▶ **Activity**
From the line below containing "Autographed/Signed EARL CAMPBELL" to the final line, print each line exactly as written. No pictures belong in the copy.

▶ **Recorded data**
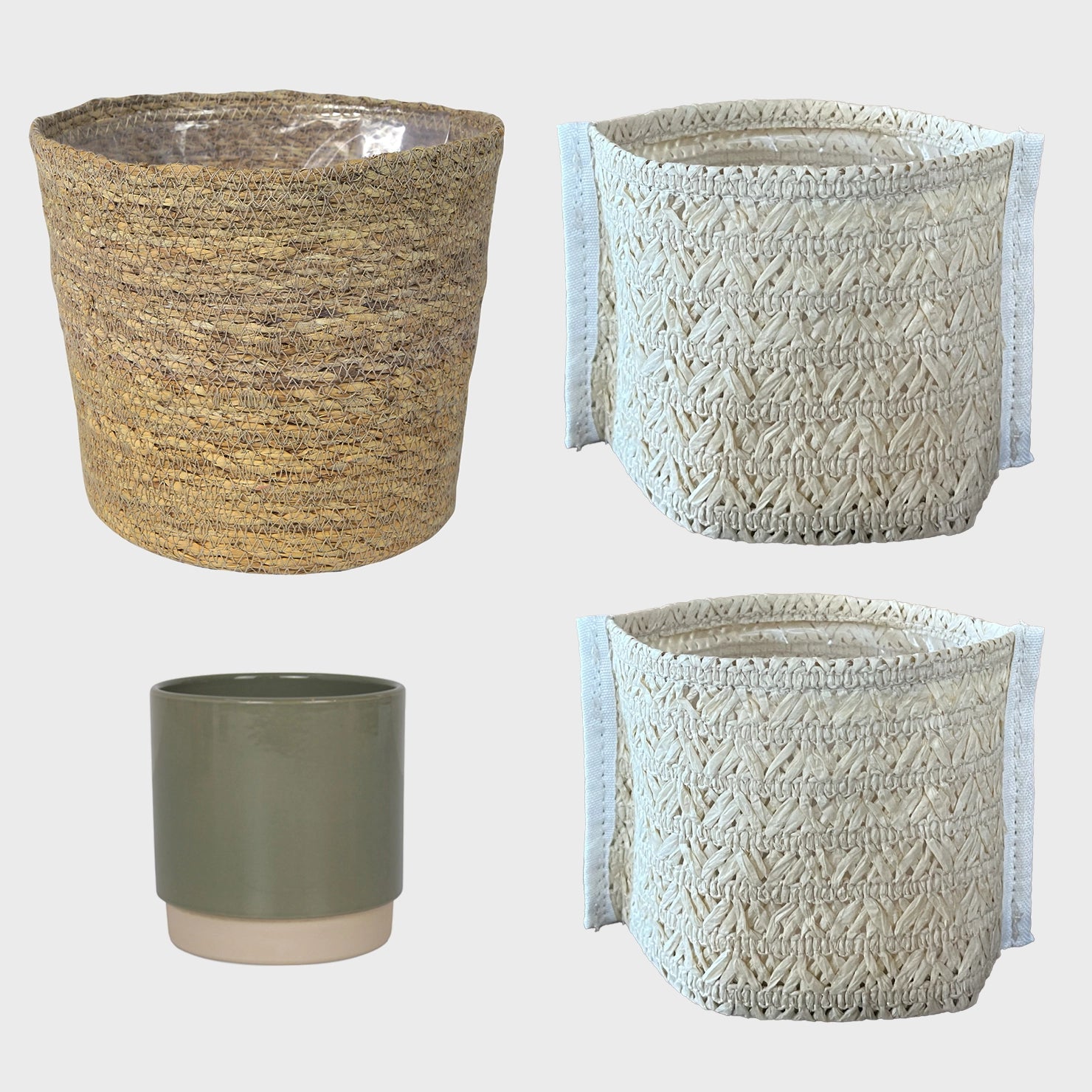 Dieses trendige Übertopf-Set haben wir dir passend zur 4er Pflanzenbox mit 3 großen und 1 kleinen Pflanze zusammengestellt. Die Töpfe sind eine Mischung aus Keramik, modernen Übertopf-Bags und stylischem Bastgeflecht. Die Innenseite des Korbes und der Sizo Bags ist mit einer Kunststoffauskleidung versehen, die ein Auslaufen verhindert, jedoch sollte kein Wasser in den Gefäßen stehen. Einfach mit bestellen und deine neuen Pflanzen kinderleicht in deiner Wohnung dekorieren. Erhältlich in verschiedenen Farben.
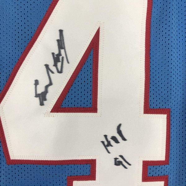 Autographed/Signed EARL CAMPBELL HOF 91 Houston Blue Stat Jersey JSA COA Auto This is a custom jersey and was not manufactured by or in any manner associated with any professional sports league or manufacturer. This custom jersey carries no professional sports league designation. The item is intended to be an autographed collectible. Reference of team in the title is to allow the purchaser a point of association. The custom jersey displays the name, number and authenticated signature of the player. This item in no way is affiliated with or connected to any professional sports organization. The autograph, as always is guaranteed to be authentic and has been certified as authentic by a third-party, trusted authenticator. Size is XL unless otherwise noted.
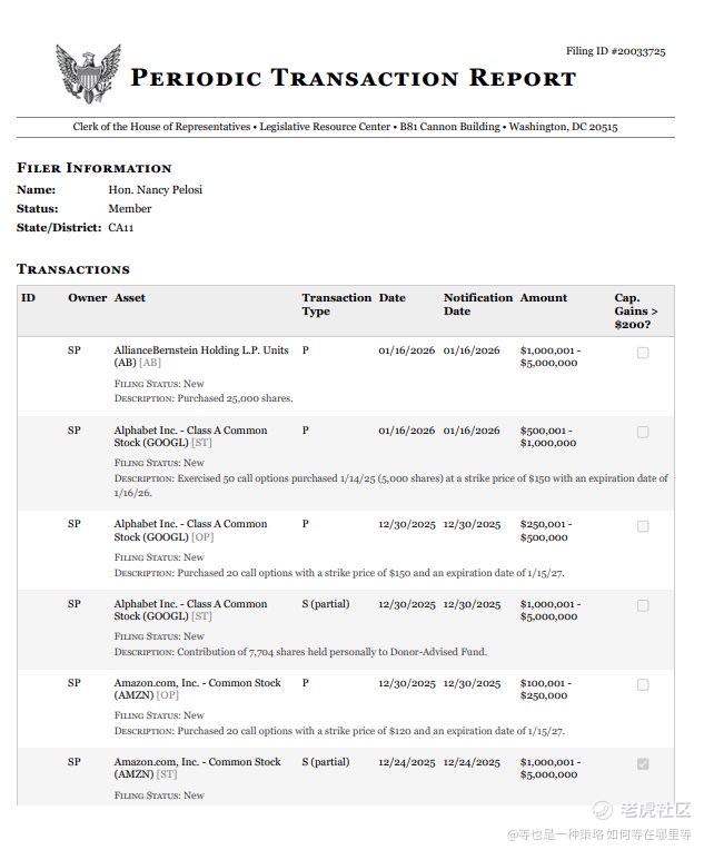 🇺🇸国会山股神佩洛西最新交易申报曝光!总价值约6900万美元(2025年底-2026年初),一卖一买的操作非常典型“高抛低吸+避险”风格。

▶ **Answer space**
 Autographed/Signed EARL CAMPBELL HOF 91 Houston Blue Stat Jersey JSA COA Auto This is a custom jersey and was not manufactured by or in any manner associated with any professional sports league or manufacturer. This custom jersey carries no professional sports league designation. The item is intended to be an autographed collectible. Reference of team in the title is to allow the purchaser a point of association. The custom jersey displays the name, number and authenticated signature of the player. This item in no way is affiliated with or connected to any professional sports organization. The autograph, as always is guaranteed to be authentic and has been certified as authentic by a third-party, trusted authenticator. Size is XL unless otherwise noted.
 🇺🇸国会山股神佩洛西最新交易申报曝光!总价值约6900万美元(2025年底-2026年初),一卖一买的操作非常典型“高抛低吸+避险”风格。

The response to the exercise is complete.